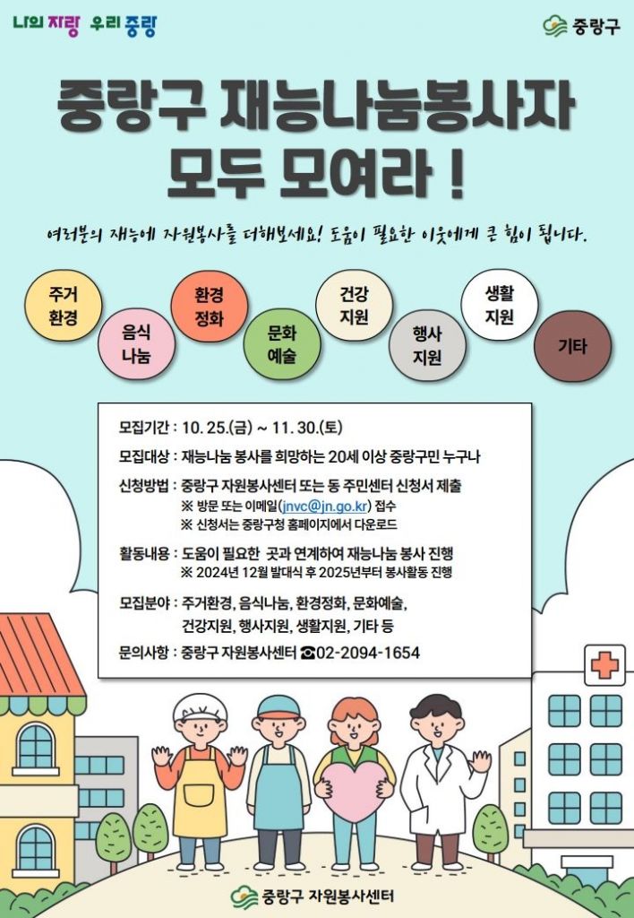 모집 분야는 ▲이·미용 ▲집수리 ▲밑반찬 나눔 및 배달 ▲생활지원 ▲의료봉사 ▲문화예술 등이며, 소외된 이웃의 일상을 돕기 위해 자신의 경험과 재능을 나누려는 20대 이상의 중랑구민이라면 누구나 참여가 가능하다.
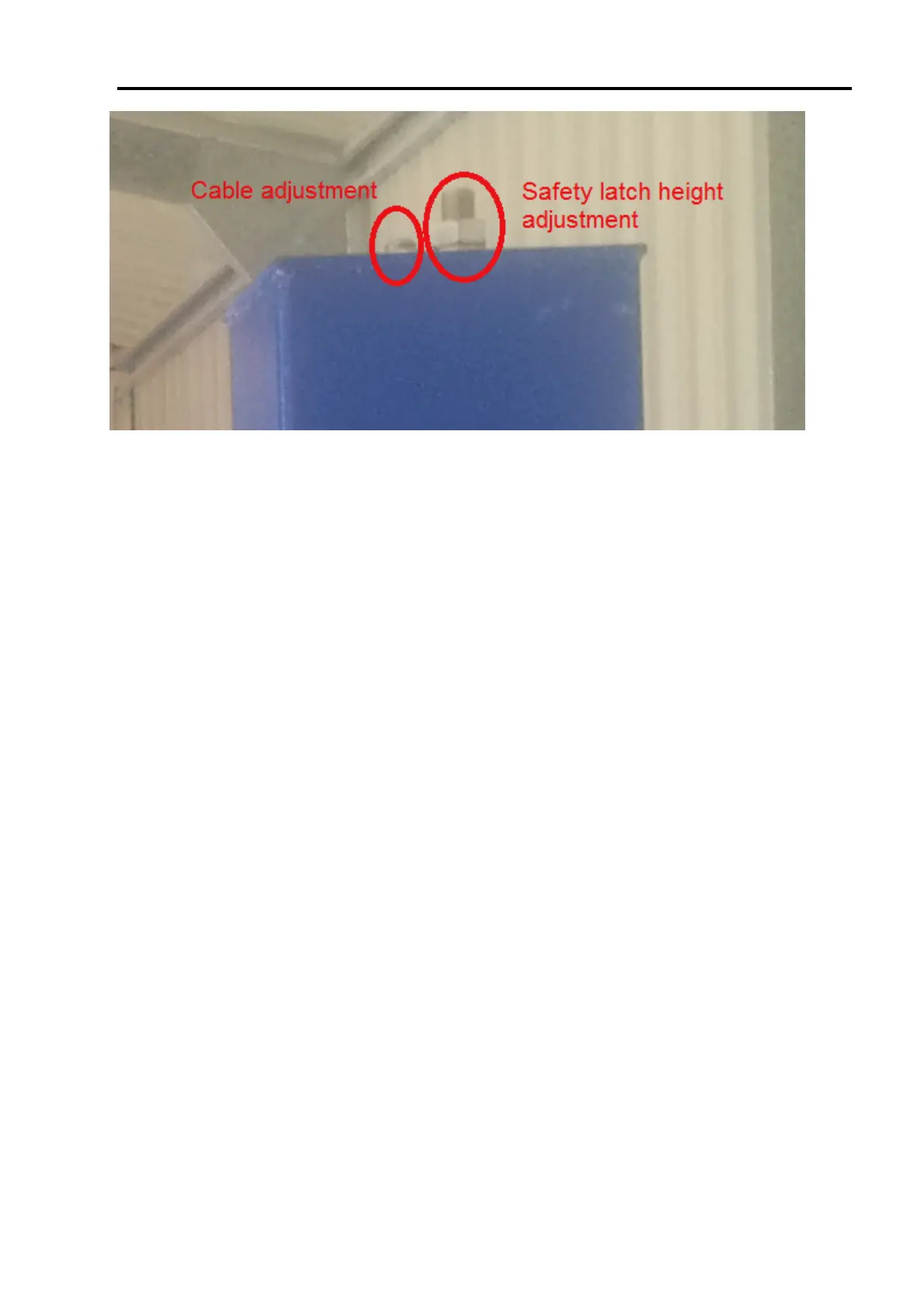 The cable adjustment is used to adjust the lifting of the hoist, this will ensure that safety
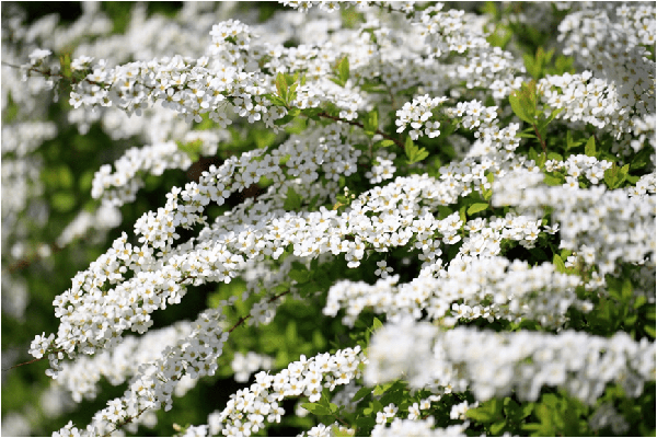 许多公园或者街道景观都种植了这样一种植株,它冬天如同枯枝,但春天一到,就会密密麻麻地开出白色小花,宛如纷飞白雪从冬日穿越到了春光中,再现漫天雪景。这种植物,我们叫它“喷雪花”。
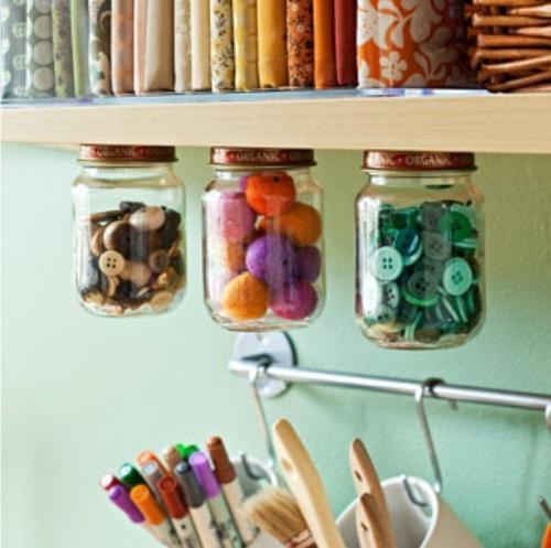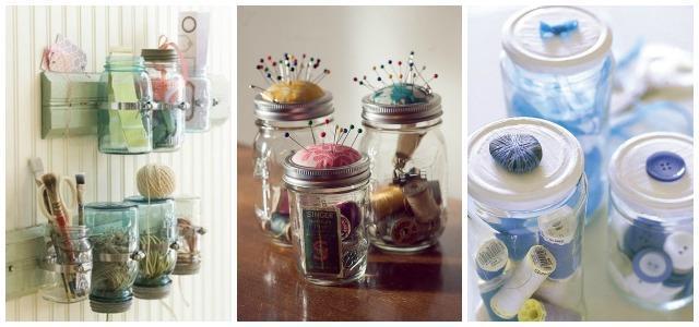 Os frascos de vidro que sobram em casa também podem ser utilizados para organizar nossa caixa de costura. Podemos por em um dos frascos os novelos, em outro podemos por as agulhas e alfinetes e em outro os carretéis de linha. Sem dúvida, é uma maneira original de manter nossos trabalhos de costura organizados.
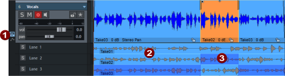 Wählen Sie das Objekt auf der Spur aus und öffnen Sie die Take Lanes mit dem Symbol am Spurkopf. Alle Aufnahmetakes werden unter dem Objekt dargestellt.
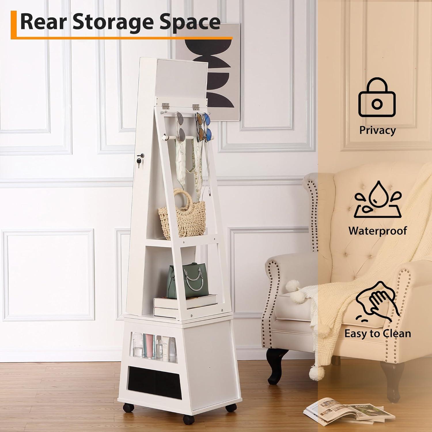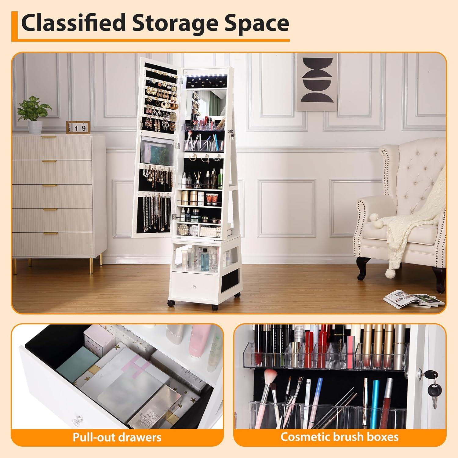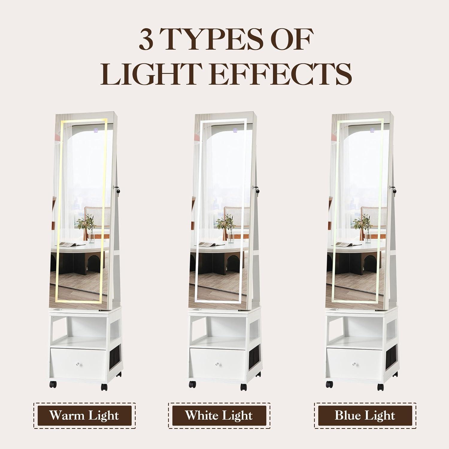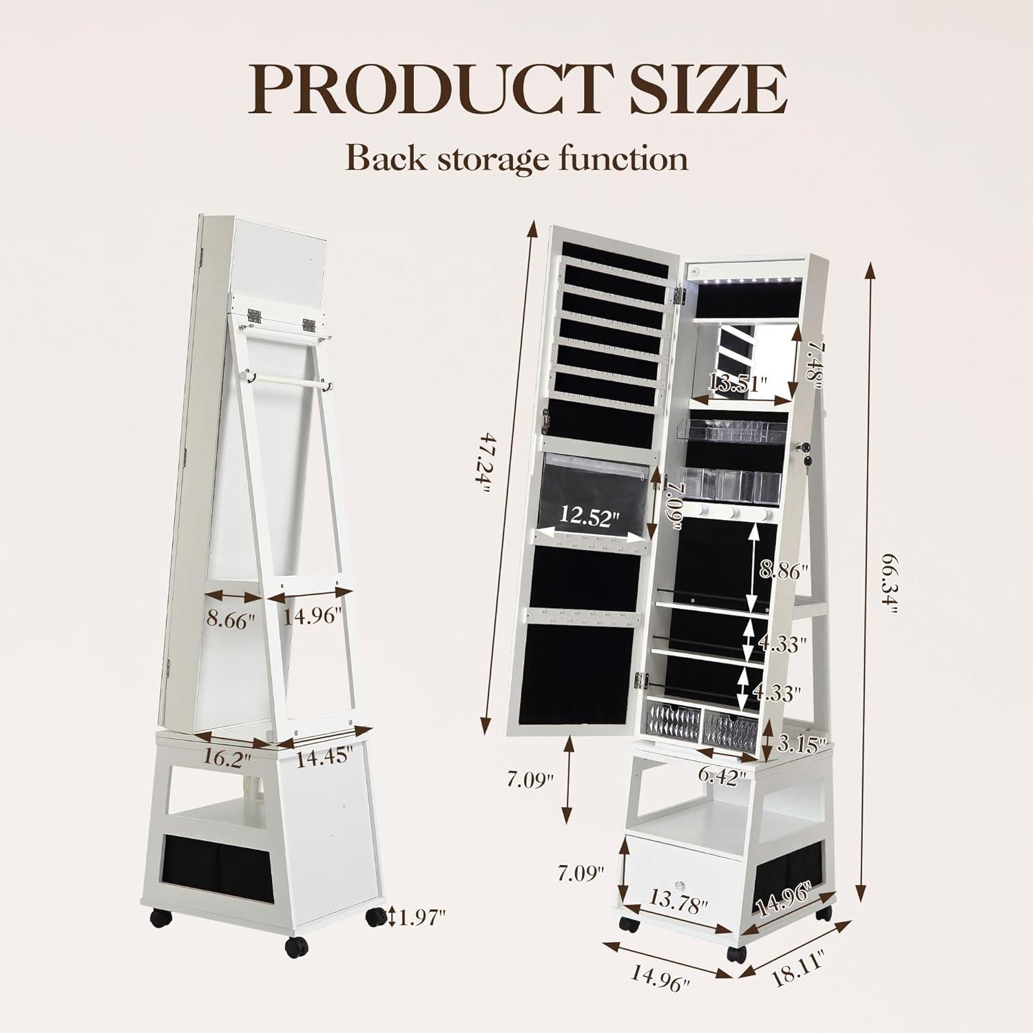 We appreciate the impeccable blend of elegance and functionality that defines this jewelry cabinet. Its sleek white finish pairs beautifully with high-quality construction, making it a standout piece for any bedroom decor. the full-length mirror, enhanced with three adjustable lighting modes (white, warm, and cold white), not only provides a crystal-clear reflection but also ensures the perfect lighting for makeup application or outfit checks. Complementing this is a 360° rotating vanity mirror mounted on a sturdy swivel base, allowing effortless access from any angle.The inclusion of lockable wheels adds both mobility and security, making it easy to reposition the cabinet while keeping your valuables safe.

To do: Nothing but an exact copy belongs in the answer: the lines from the top of the records through the line containing "Wählen Sie das", minus the pictures.

Answer section:
 모집 분야는 ▲이·미용 ▲집수리 ▲밑반찬 나눔 및 배달 ▲생활지원 ▲의료봉사 ▲문화예술 등이며, 소외된 이웃의 일상을 돕기 위해 자신의 경험과 재능을 나누려는 20대 이상의 중랑구민이라면 누구나 참여가 가능하다.
 The cable adjustment is used to adjust the lifting of the hoist, this will ensure that safety
 许多公园或者街道景观都种植了这样一种植株,它冬天如同枯枝,但春天一到,就会密密麻麻地开出白色小花,宛如纷飞白雪从冬日穿越到了春光中,再现漫天雪景。这种植物,我们叫它“喷雪花”。
 Os frascos de vidro que sobram em casa também podem ser utilizados para organizar nossa caixa de costura. Podemos por em um dos frascos os novelos, em outro podemos por as agulhas e alfinetes e em outro os carretéis de linha. Sem dúvida, é uma maneira original de manter nossos trabalhos de costura organizados.
 Wählen Sie das Objekt auf der Spur aus und öffnen Sie die Take Lanes mit dem Symbol am Spurkopf. Alle Aufnahmetakes werden unter dem Objekt dargestellt.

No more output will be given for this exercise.